I have used vinyl with no problems but in a built-in kitchen where no large items had to be moved. I would have to take a view whether the damage was "wear and tear" and so not recoverable. Where I have used it the fitters have laid a plywood base for levelling which is much cheaper than screeding. However it was a new property so the floor was in a good condition. You can get a reasonable quality fairly cheap. I use cheap with the view that I will have to renew it frequently due to usage which I think is what you have here. If it's down to carelessness then you might have a case but it would have to be really obvious as the TDS would probably give the tenant the benefit of the doubt..

Tom Thumb

23:16 PM, 21st December 2013
About 7 years ago

From what Andy says, the damage was caused by moving large items such as a fridge and washing machine across the vinyl floor, and not by normal wear and tear?

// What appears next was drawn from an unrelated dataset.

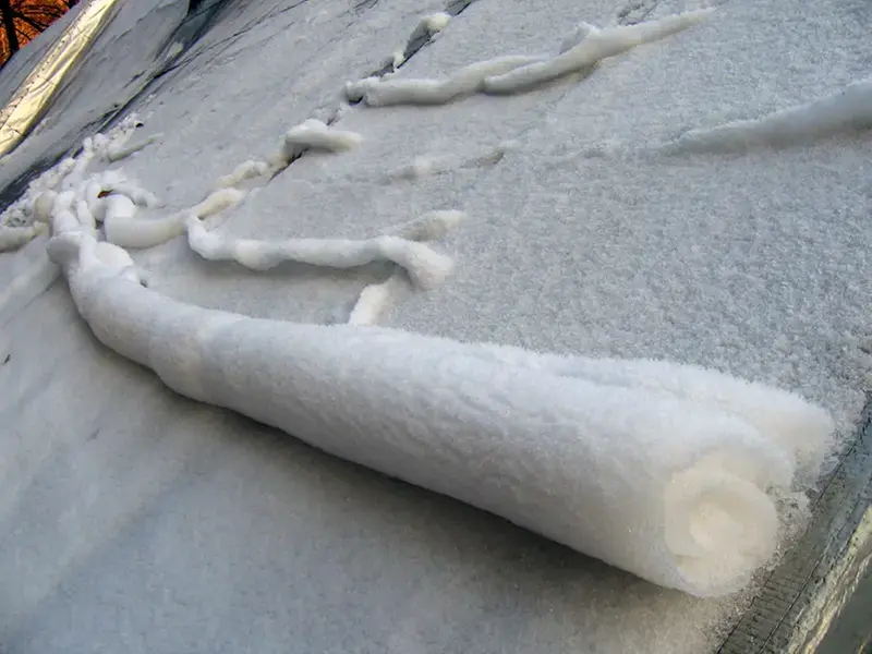 Snörullar kan bildas i töväder när kraftig vind river upp ett tunt täcke våt snö på ett hårt underlag, oftast skare.

There is nothing 'wrong' with vinyl flooring as such - some of them can be very high quality, and actually cost more than laminate flooring - and last better too! However, care needs to be taken when moving heavy objects that don't have wheels, and if a tenant or fitter dragged a washing machine across the floor tearing the vinyl in the process, then they are surely liable for the damage.

I do understand what Mark is saying; you can get some cheap or 'cushion' vinyl flooring which is pleasant to walk on but simply won't cope with chair legs etc. being moved across them, and if fitted in a dining area would clearly be unfit for purpose.

That doesn't seem to be the case here, tho'.

Andy

20:20 PM, 22nd December 2013
About 7 years ago

Thanks for your responses guys.

Jeremy Smith

12:00 PM, 23rd December 2013
About 7 years ago

Dear Andy,
As you've discovered, the right floor covering in the right area of the property makes all the difference as to whether you've got problems to sort out later, or not.

In one property I've laid soft vinyl in the kitchen and utility area, totally unsuitable to move furniture/appliances over, but since I supply the fridge/freezer and w/machine, i've told them not to move them, since it will damage the vinyl !
Although i've made a slight tear on it even before the tenants moved in, it's really difficult to keep undamaged where furniture is involved.

- Vinyl comes in a wide range of 'softnesses' and thicknesses, according to the application required, hard vinyl tiles are used by the council, they are tough and easily fitted, I think it used to be called 'marmolium', well, that's something I came across in rolls, usually used in publlic toilets !!!
Marmolium is extremely difficult to install from rolls - avoid !!

I've laid a laminate floor in another house, hard wearing, through the entrance hall, dining room and kitchen - 5 year guarantee, 10x harder wearing than normal range, etc..this has made a fantastic solution to what could have been a mish-mash of different floor coverings, and is completely maintenance free - Well Worth the extra time, trouble and expense to put it down !!